# Just found out how to grow garlic



## Chile Chef (Mar 1, 2010)

I just found out how to grow garlic via my brother who is staying in town for a while. 

What you do is to "Crack it & peel it, Plant it  1 1/2 inches in the soil with pointy side up and then cover it with the rest of the soil"


That's very cool.


----------



## vyapti (Mar 1, 2010)

I planted garlic and shallots last fall.  I'm anxious to see how they turn out.


----------



## Chile Chef (Mar 2, 2010)

Let me know and I'll keep you updated as well.


----------



## Kitchen Mama (Mar 8, 2010)

Could you grow it inside in a container? I have been trying to do this as I can't get down to plant things. Just wondering.


----------



## mcnerd (Mar 9, 2010)

You can grow anything inside as long as you have proper lighting, such as full spectrum.


----------



## Kitchen Mama (Mar 15, 2010)

Thanks for the information. Think I will give it a try.


----------



## 2belucile (Mar 15, 2010)

I am trying to grow chives.  Got some seeds, planted them some time ago, but the only thing I can show are a very small and thin things, ( they look like a head with only few very thin hairs).

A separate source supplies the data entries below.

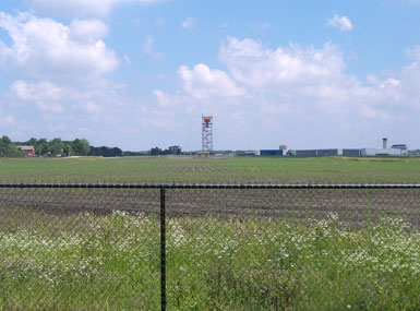 POITRA modelers created a detailed 3D model of the ASR9 Radar Antenna and the proposed 76ft tall tower. An equipment building, site fencing and gates from POITRA model libraries were also used to create a site model to be rearranged and used in all of the simulations. The site model was camera matched to the B3 base photograph, lighted and rendered. The renders were then composited to the base photograph and traditional digital painting methods used to finish the simulations.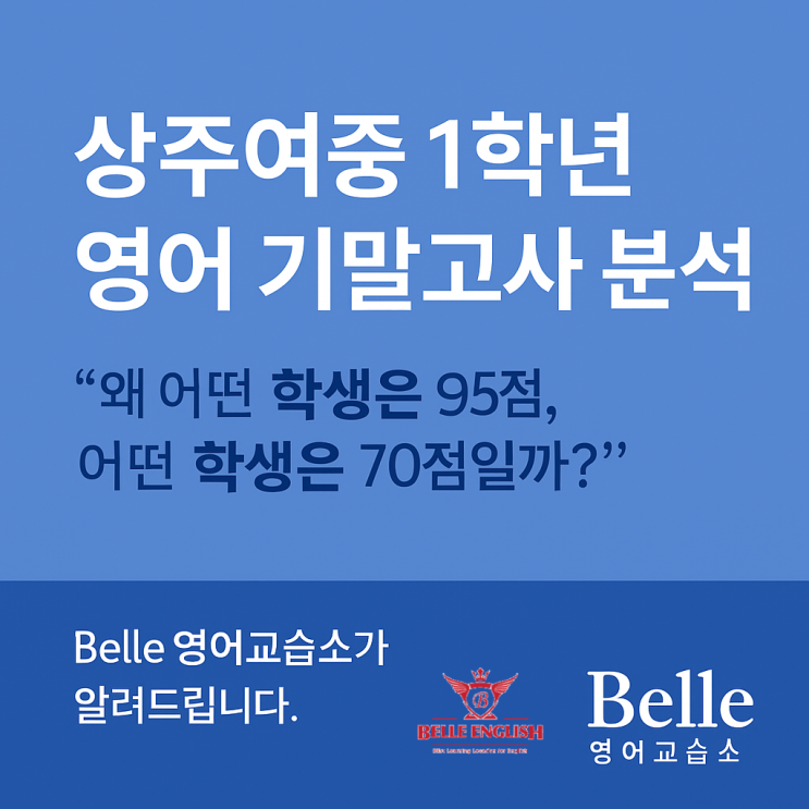 안녕하세요! 영어 배우기 가장 좋은 곳 BEst Learning Location for English 벨 영어입니다. 요며칠 학원 자동문이 스르르 열리면 선생님! 하고 부르는 톡이 오면 몸은 자동반사입니다. 시험 후기에 귀가 쫑긋입니다^^ 어제도 시험 끝나고 하교하는 길에 들른 친구랑 그 자리에서 선채로 시험지 얘기를 한참 하다가 헤어졌습니다. (다음에 등원하면 다시 얘기하자~^^) 오늘은 상주여중1학년 기말고사 시험지 분석입니다. 이번 시험은 총 25문항 / 100점으로 구성되어 있으며, 전범위 교과서에서 출제되었으며 평균배점은 4점입니다. 문항 유형은 9가지로 종합적 독해력과 어법 적용력을 평가했습니다. 출제 범위는 7과는 48%, 8과는 52%로 범위는....... <img src="https://blogthumb.pstatic.net/MjAyNTEyMTFfMTQg/MDAxNzY1MzgwNTQ0NjA4.nQcXz-XB6ZxQ5JyNU7rK3zdP8ZWz53Ng96Ca5ZC3cNAg.08V63e1uWjx2-ALzELuAFGswYK9H2Z3GFtSkPHL_12Mg.PNG/%BA%A7%B7%CE%B0%ED_2025%B3%E2_12%BF%F9_11%C0%CF_%BF%C0%C0%FC_12_02_09.png?type=s3" />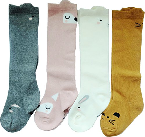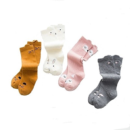 KRODLO 2017春夏 おしゃれ ベビー ソックス 100%綿製 中筒純綿 可愛い綿の靴下 中筒靴下 子供 抗菌防臭 ふわふわ 4足セット (80-100cm, 4枚 動物)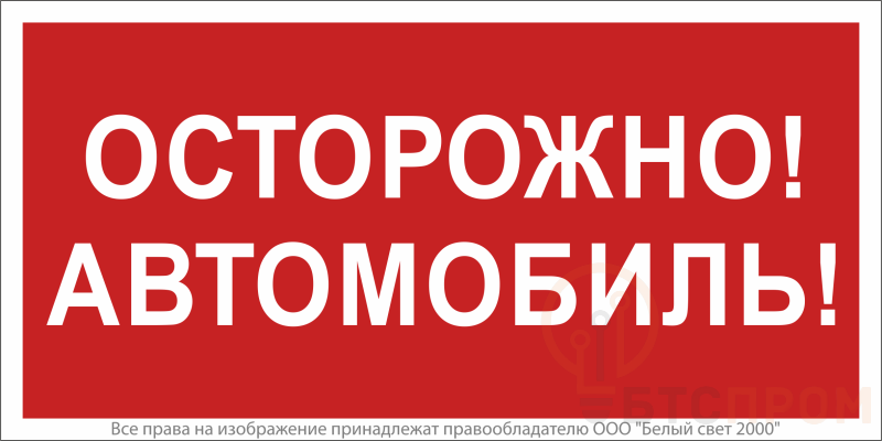 Знак безопасности NPU-3015.N09"Осторожно автомобиль" Белый свет a25485 фото в каталоге от BTSprom.by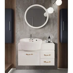 ست کابینت روشویی آزالیا مدل ellipse04 به همراه آینه بک لایت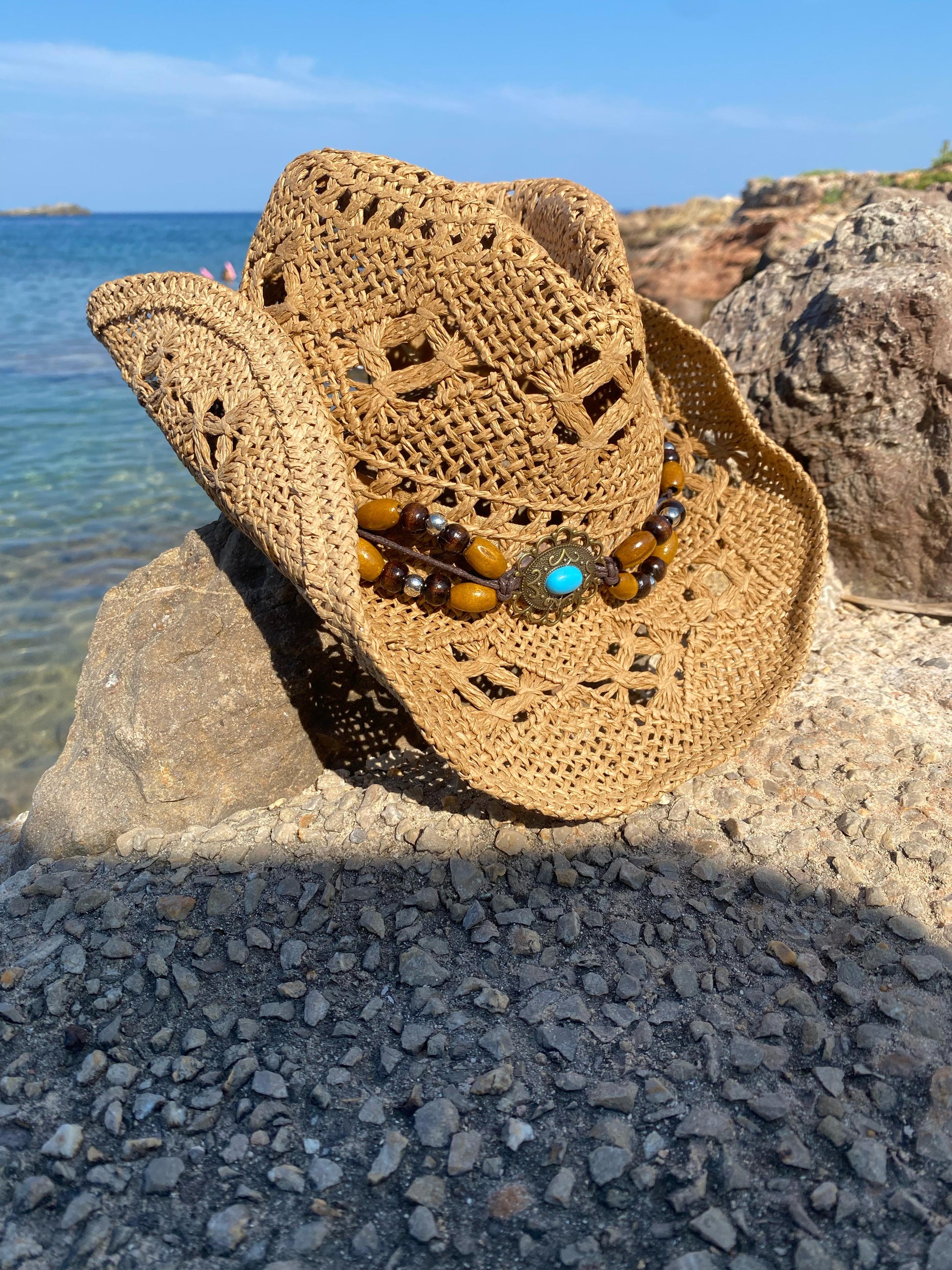 Designed to keep you cool while turning heads, it’s your go-to accessory for festival season, poolside lounging, or that spontaneous boat day. Whether you're riding waves or riding the vibe, this hat brings a touch of wild west flair to your Balearic wardrobe.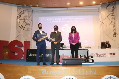 La rectora, Mª Antonia Peña, acompaña al director de la ETSI, Jacinto Mata, en un acto celebrado con aforo reducido en el edificio Jacobo del Barco para cumplir las medidas de seguridad y…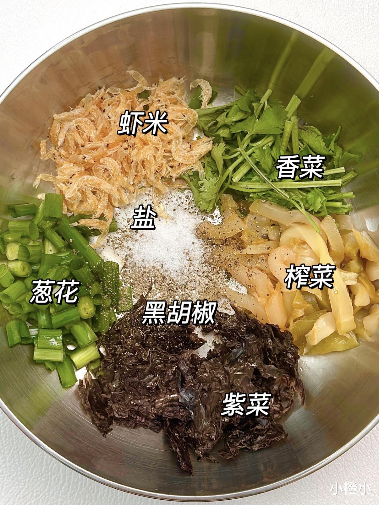 3. 紫菜撕碎片,榨菜切小丁,香菜、葱花分家待命——颜色混搭,拍照发圈直接出片。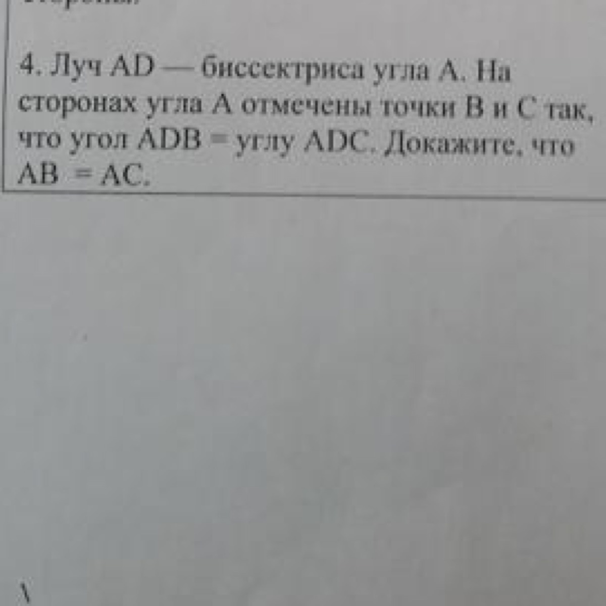 △ADB=△ADC (по стороне и прилежащим к ней углам)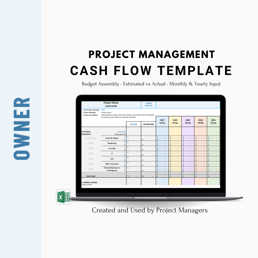 OWNER Cash Flow Management Template, Excel, Construction, Project Management, Owner Budget Format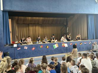 In der vergangenen Woche fand an der Grundschule Haiderbach eine spannende Projektwoche zum Thema "Europa" statt. Die Schülerinnen und Schüler der Klassen 1-4 konnten aus unterschiedlichen Projektangeboten ein Angebot auswählen, das dann in klassenübergreifenden Gruppen täglich 3 Stunden durchgeführt wurde. So gab es verschiedene europäische Länder ( Frankreich, Schweden, Niederlande, Großbritannien) mit ihren Besonderheiten und Sehenswürdigkeiten zu erkunden. Die Kinder lernten landestypische Gerichte kennen und durften diese auch selbst zubereiten. Des Weiteren gab es ein Europäisches Sprachlabor, in dem die Schüler an I-Pads u.a. ein Kahoot-Quiz erstellten. Musik und Kunst spielten ebenfalls eine wichtige Rolle in der Projektwoche. Die Kinder lernten Hymnen, Lieder und Tänze aus verschiedenen europäischen Ländern kennen. Es wurde viel gesungen und getanzt, die Europahymne wurde auf Instrumenten gespielt. Weiterhin gestalteten die Kinder künstlerische Werke, inspiriert von berühmten europäischen Künstlern wie Vincent Van Gogh oder Franz Marc. Passend zur Fußball-Europameisterschaft gab es auch eine Projektgruppe, die sich mit der Fußball- EM beschäftigte und sich selbst natürlich auch sportlich betätigte. Höhepunkt der Woche war das Schulfest am Freitag, bei dem die Schülerinnen und Schüler stolz ihre Erlebnisse und Ergebnisse der Woche präsentierten. Es gab u.a. diverse Ausstellungen, musikalische Vorführungen, Spiele und Mitmachangebote. Unter der tatkräftigen Unterstützung der SpVgg Haiderbach bestand zudem die Möglichkeit, das DFB- Fußballabzeichen zu erwerben. Eltern, Lehrer und Mitschüler waren beeindruckt von den vielfältigen Ergebnissen und dem Engagement der Kinder. Ein wirklich gelungener Abschluss einer schönen Woche. Vielen Dank auch an alle Eltern, die durch Kuchenspenden oder als Helfer zum Gelingen dieses Festes beigetragen haben.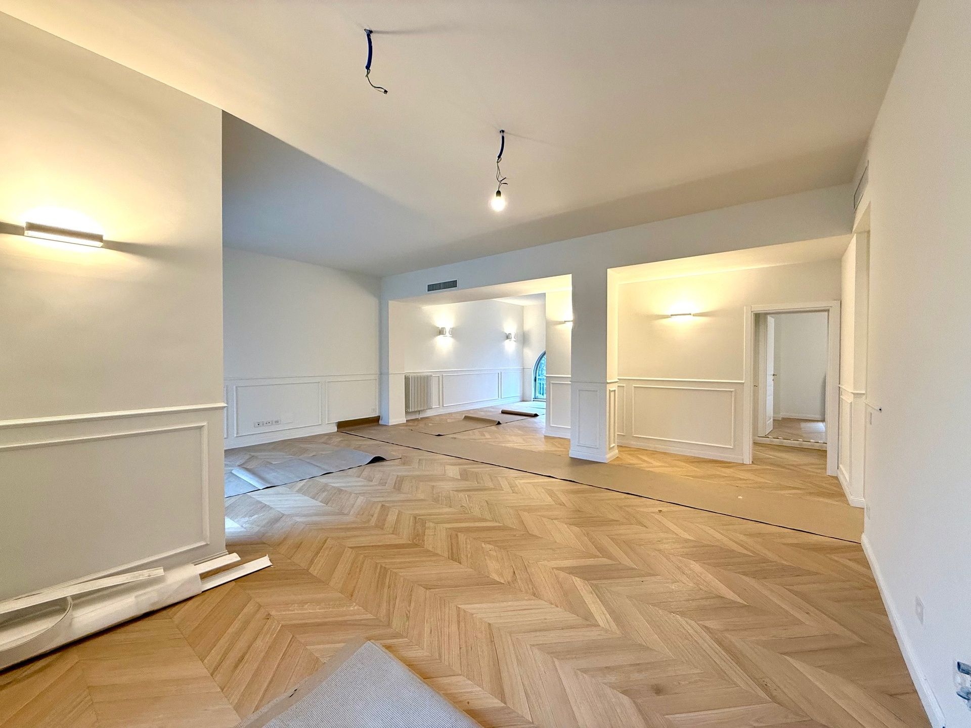 MM1 Conciliazione - via Ariosto / Alberto da Giussano: vibrante incrocio dei quartieri più eleganti ed ambiti della città, Porta Vercellina / Magenta / Pagano, in posizione privilegiata, con ogni tipo di servizio, proponiamo in vendita: Appartamento di ca. 175mq interni con ca. 50mq di terrazzo, sito al 1 (primo) piano di un bellissimo Palazzo d’Epoca con ingresso in marmo e portineria, completamente ristrutturato con materiali di pregio e così composto: ingresso, soggiorno con cucina a vista e sala da pranzo, camera matrimoniale con bagno en-suite e cabina armadio, due camere matrimoniali servite dal secondo bagno, una camera singola / studio / servizio con zona lavanderia e bagno degli ospiti, il tutto corredato da un grande terrazzo di 14x3,5m affacciato su uno splendido giardino con piante secolari. Gli interni, completamente ristrutturati a nuovo e mai abitati, presentano finiture di alto livello e soffitti alti 3,20 metri, che donano grande luminosità ed una piacevole sensazione di ampiezza. La proprietà è dotata di riscaldamento centralizzato, aria condizionata canalizzata, parquet di pregio posato a spina di pesce, nuovi infissi ad alta prestazione termica ed acustica, e bagni meravigliosamente rifiniti. Completano la soluzione due cantine e la possibilità di acquistare un box auto all’interno dello stabile.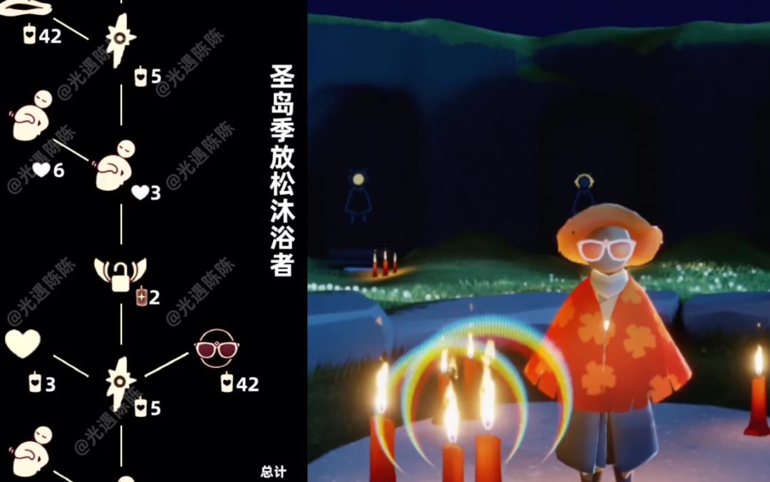 9月21日-9月27日 光崽们准备好蜡烛了吗[表情_开心] 集体复刻:迎宾侍者,固执登山者,嬉笑炮手,蟹语者 先祖都在云峰地图内,找过先祖才可以兑换物品 旅拍先祖复刻期间日常任务增加:与旅拍先祖合照 兑换树图仅供参考 图片来自大神@柠檬味的2546(~侵~删) 先祖位置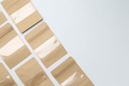 Many kraft stand-up pouches on light background, flat lay. Space for text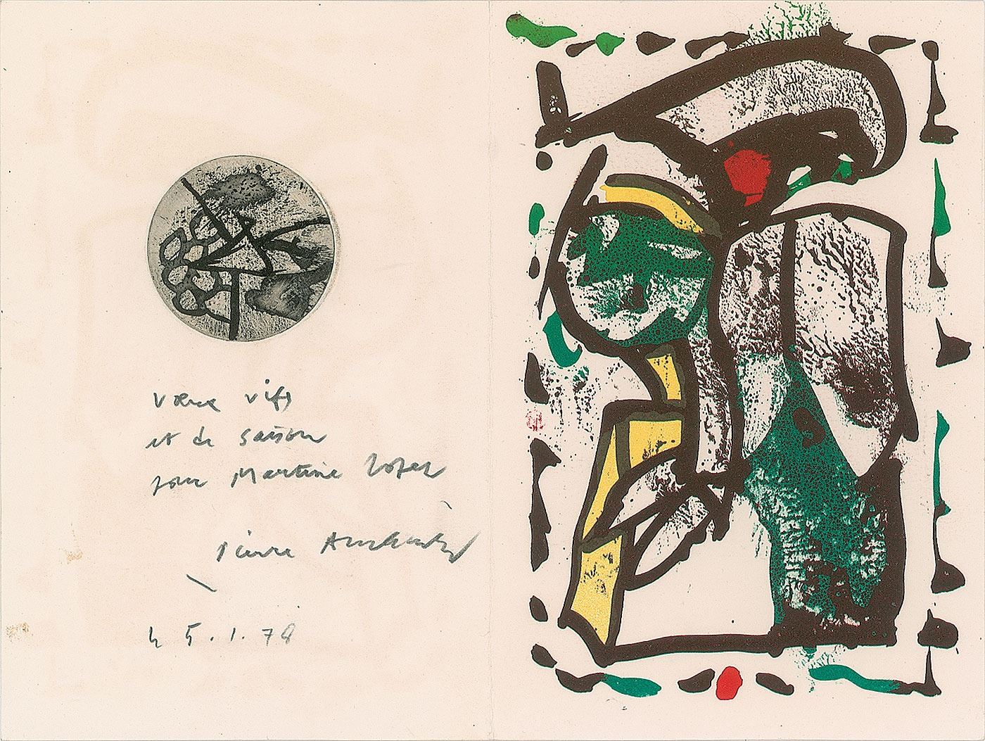 Belgian artist (born 1927) whose work is related to tachisme, abstract expressionism, and lyrical abstraction. Untranslated ANS in French, written in pencil on the reverse of a greeting card featuring one of his paintings, measures 11.25 x 8.5 open, January 25, 1978. In fine condition, with some light toning.
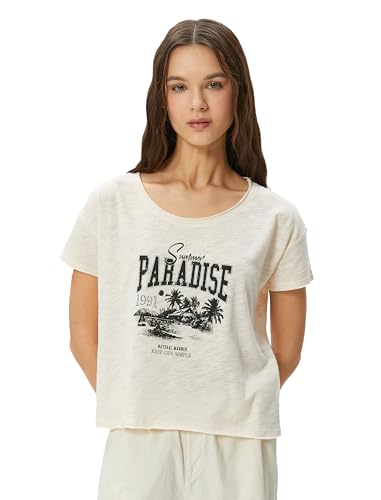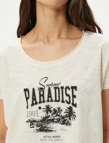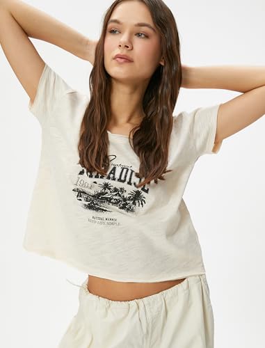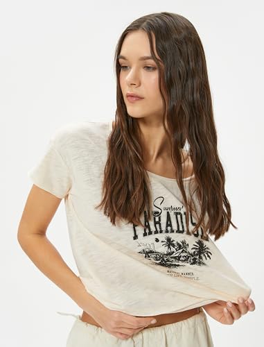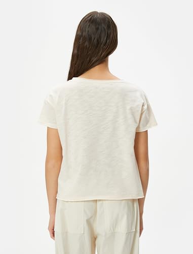 KOTON - تيشرت قطن كلاسيكي بأكمام قصيرة ورقبة واسعة للنساء من كوتون (عبوة من قطعة واحدة)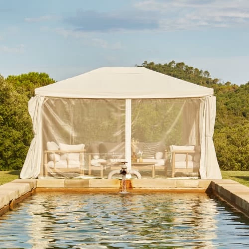 Maisons Du Monde Pergolas Et Tonnelles Tonnelle De Jardin En Métal Imitation Bois Et Toile écrue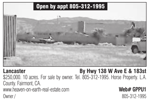 Lancaster By Hwy 138 W Ave E & 183st $250,000. 10 acres. For sale by owner. Tel. 805-312-1995. Horse Property. L.A. County. Fairmont, CA. www.heaven-on-earth-real-estate.com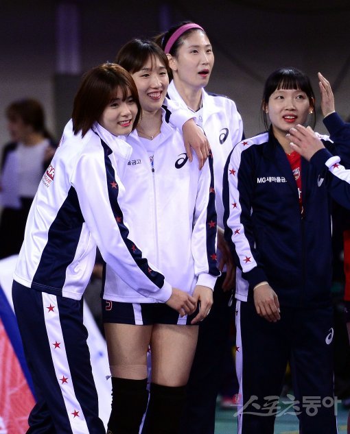 ‘NH농협 2016~2017 V리그’ 올스타전이 22일 천안유관순체육관에서 열렸다. 플로터 서브 컨테스트 퀸에서 K스타 이다영이 황연주와 어깨동무를 하고 바라보고 있다.

Well the only good thing is =   they are still alive!


----------



## 2belucile (Mar 16, 2010)

I forgot to ask:  is there something to help them grow a little faster? 
Thanks in advance for any help you can give, I dont have "green thumb".


----------



## Maralyn45 (Sep 21, 2010)

This posts is really full of information...thanks ..i come to know lot..


----------



## sparrowgrass (Sep 21, 2010)

Garlic likes good rich soil, and here in Missouri, we plant in October and harvest in June or July.

I wouldn't peel the individual cloves--just break the head apart and plant.  Keep the weeds down--garlic does not compete very well.


----------



## Claire (Oct 17, 2010)

I don't think I tried to grow garlic in Florida when I lived there, but I had a huge success with onion sets (and, yes, I lived in central FL).  I'd plant them very closely to start with.  As they'd mature, I'd thin them, giving "green onions" to my family and friends.  I planted them in the fall, and they were my winter crop.  By the end of the following summer I had small onions to eat and give away.


----------